What Goes In / What Comes Out

Typical inputs:

  • Metadata and reactivity tables (TSV) for preprocessing and label generation.
  • Protein FASTA files for embedding generation and prediction.
  • Optional metadata file for ID-family embedding key generation.

Typical outputs:

  • Preprocessed model input table (TSV).
  • Per-protein ESM-2 embedding shards (.pt) plus embedding index CSV.
  • Residue-level label shards (.pt) including epitope / uncertain / non-epitope supervision.
  • FFNN checkpoints and run summaries (for standard training or Optuna tuning).
  • Predicted binary epitope mask FASTA files for inference.
  • FFNN evaluation summary JSON and optional per-peptide comparison CSV/JSON artifacts.

Pipeline Snapshot

Preprocess data
  -> cleaned + labeled metadata TSV for downstream steps

Generate ESM-2 embeddings
  -> per-protein embedding .pt files (+ index CSV), often sharded

Generate residue-level labels
  -> label shard .pt files aligned to embedding keys/shards

Train FFNN (DDP)
  -> checkpoints + metrics artifacts

Predict epitopes
  -> output FASTA with binary residue mask predictions

Evaluate trained FFNN
  -> residue-level metrics JSON and optional peptide-level comparison outputs

Optional: Optuna hyperparameter tuning
  -> study storage + trial CSV + best-model artifacts

Project Scope

This repository supports both:

  • local development and validation of pipeline logic, and
  • production-scale HPC execution for embedding generation, training, and tuning.

Maintainer Contact

  • Use GitHub issues for normal development questions, bug reports, and feature requests.
  • Use email for private or sensitive matters that should not be posted publicly.
  • Maintainer contact: Jeffrey Hoelzel or Jason Ladner.

Prerequisites

Software:

  • At least Python 3.12 (required by project configuration and CI).
  • pip and virtual environments (venv) or conda.
  • git for cloning and contribution workflows.

Platform notes:

  • Local development can run on CPU.
  • GPU is highly recommended for embedding generation and required for practical training/tuning runtimes.
  • HPC scripts in scripts/hpc/ assume a SLURM-style environment and module-based setup (for example, anaconda3 and cuda).

Setup

Option A: Conda Environment (recommended)

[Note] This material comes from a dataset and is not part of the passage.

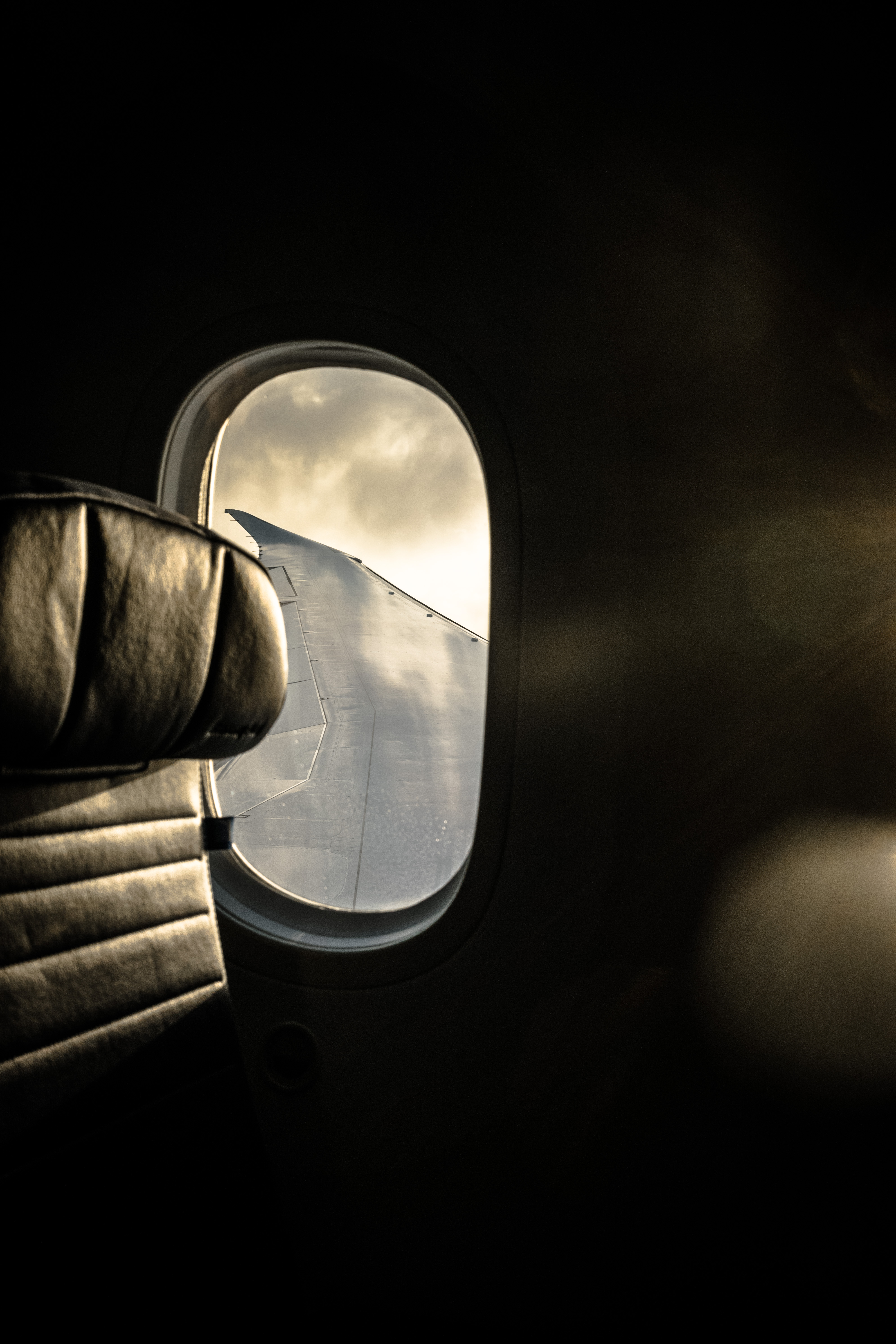 United Airlines Wing and Economy Plus Seat

Local CPU-oriented environment:

conda env create -f envs/environment.local.yml
conda activate pepseqpred
pip install -e .[dev]

HPC/GPU-oriented environment:

conda env create -f envs/environment.hpc.yml
conda activate pepseqpred
pip install -e .[dev]

Option B: Pip + Virtual Environment

Linux/macOS:

python3 -m venv .venv
source .venv/bin/activate
python -m pip install --upgrade pip
pip install -e .[dev]

Windows PowerShell:

python -m venv .venv
.venv\Scripts\Activate.ps1
python -m pip install --upgrade pip
pip install -e .[dev]

CI-equivalent install shortcut:

pip install -r requirements.txt

Verify Setup

Confirm package and CLI entrypoints:

python -c "import pepseqpred; print('pepseqpred import ok')"
pepseqpred-preprocess --help
pepseqpred-esm --help
pepseqpred-train-ffnn --help
pepseqpred-predict --help
pepseqpred-eval-ffnn --help

Run required preflight checks before any development or pipeline usage:

ruff check .
pytest -m "unit or integration or e2e"

This repository expects all of the checks above to pass before you start development work or run pipeline stages.

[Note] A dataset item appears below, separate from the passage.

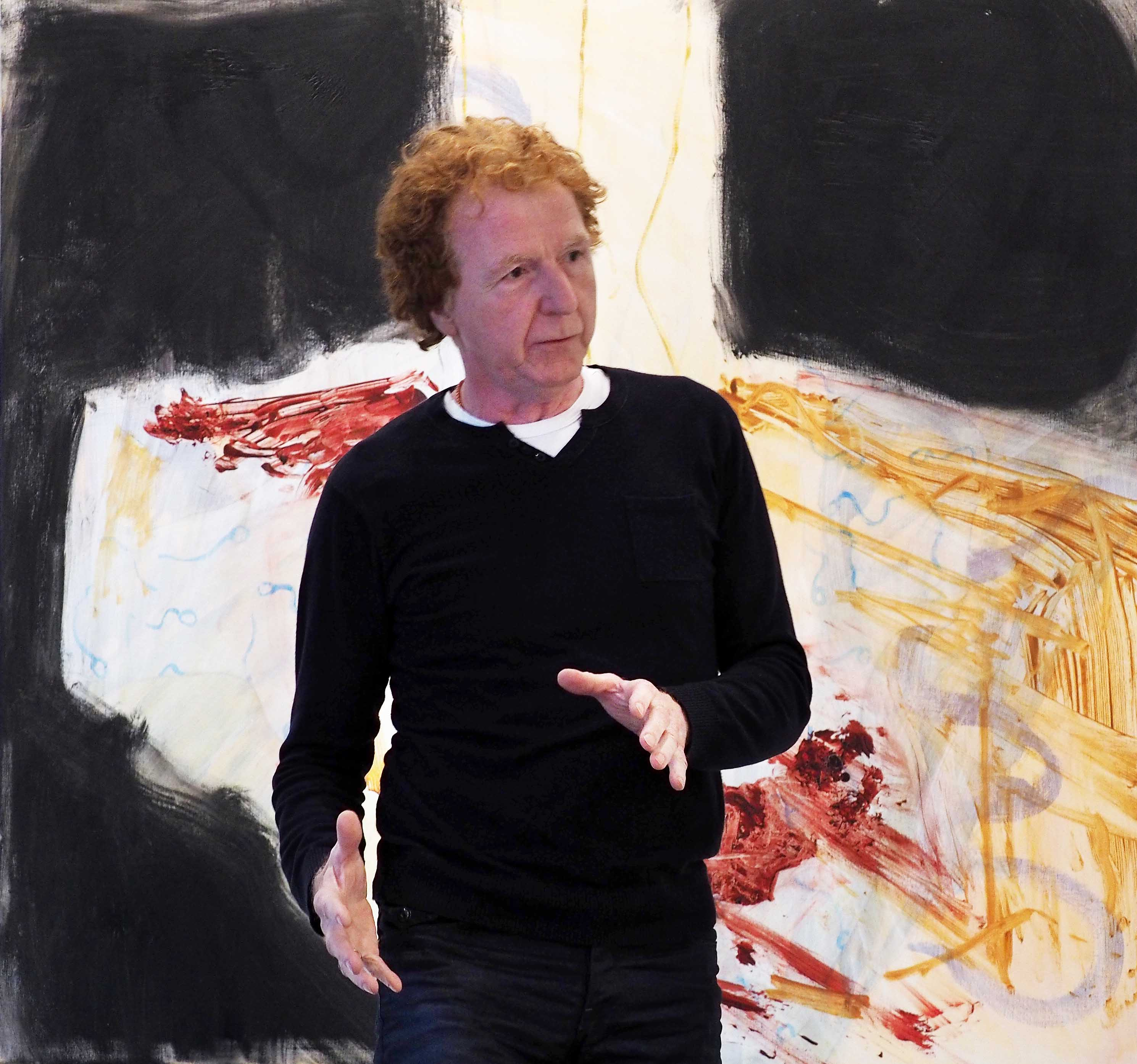 Artist Frank van Hemert in front of one of his paintings

Build and Transfer HPC Runtime Artifacts (.pyz + SLURM Scripts)

The HPC shell scripts in scripts/hpc/ execute zipapp files such as esm.pyz, labels.pyz, train_ffnn.pyz, predict.pyz, and evaluate_ffnn.pyz.

Build only the app(s) you need for your current stage, then copy those .pyz files plus the matching SLURM script(s) to HPC.

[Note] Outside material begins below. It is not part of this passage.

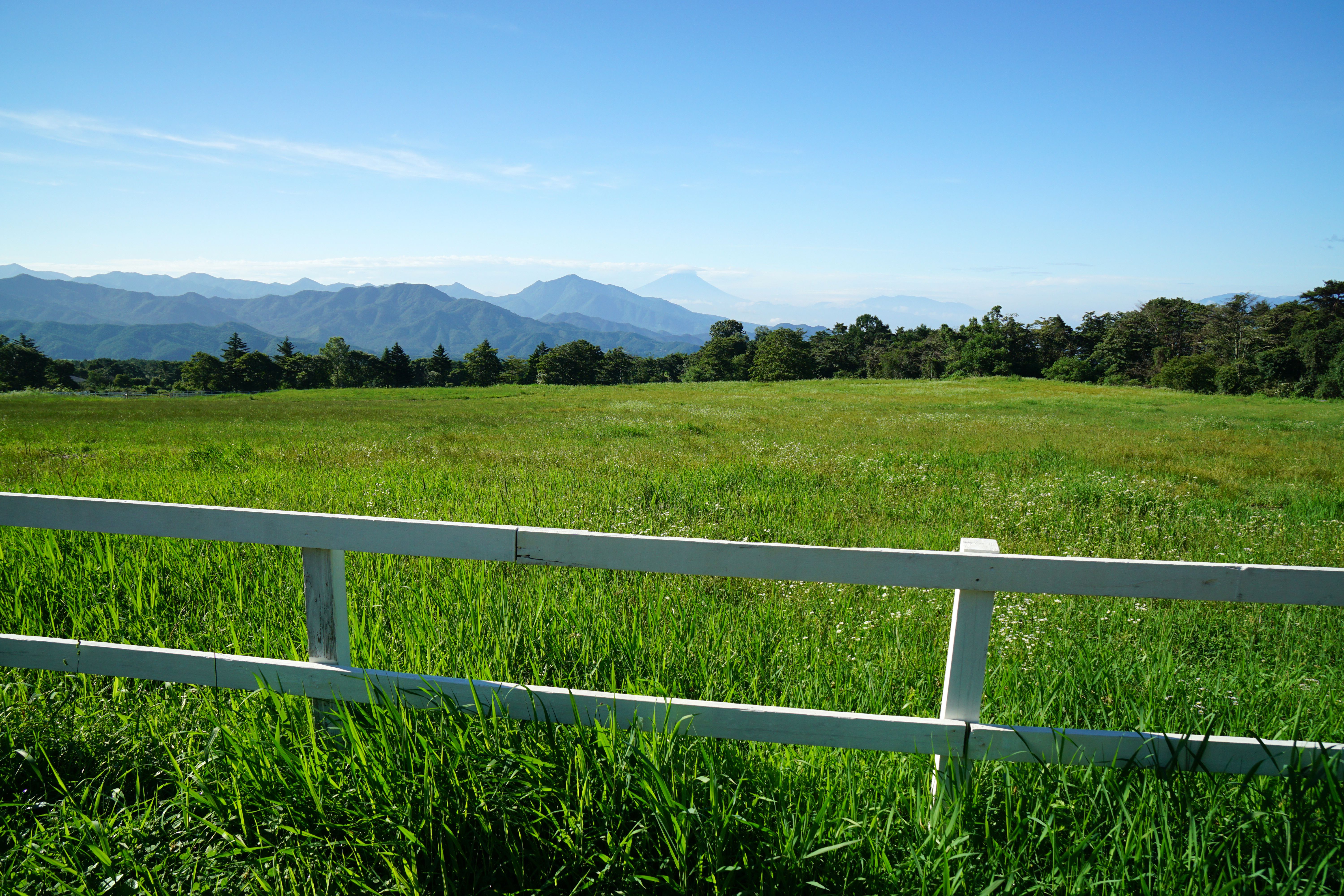 Seisen-ryo in Hokuto, Yamanashi prefecture, Japan.

1. Build .pyz artifacts locally

List available zipapp targets:

python scripts/tools/buildpyz.py --list

Build one runtime app (recommended default):

python scripts/tools/buildpyz.py <app_name>

Examples:

python scripts/tools/buildpyz.py esm
python scripts/tools/buildpyz.py train_ffnn

Optional: build all apps:

python scripts/tools/buildpyz.py all

By default this writes artifacts to dist/ as:

  • versioned files: <name>_<gitrev>.pyz
  • convenience copies: <name>_latest.pyz

2. Transfer required .pyz file(s) and shell script(s) to HPC

Each HPC script expects a plain .pyz filename in the same working directory:

  • generateembeddings.sh -> esm.pyz
  • generatelabels.sh -> labels.pyz
  • trainffnn.sh -> train_ffnn.pyz
  • trainffnnoptuna.sh -> train_ffnn_optuna.pyz
  • predictepitope.sh -> predict.pyz
  • evaluateffnn.sh -> evaluate_ffnn.pyz (or fallback module import)
  • preprocessdata.sh -> preprocess.pyz (optional)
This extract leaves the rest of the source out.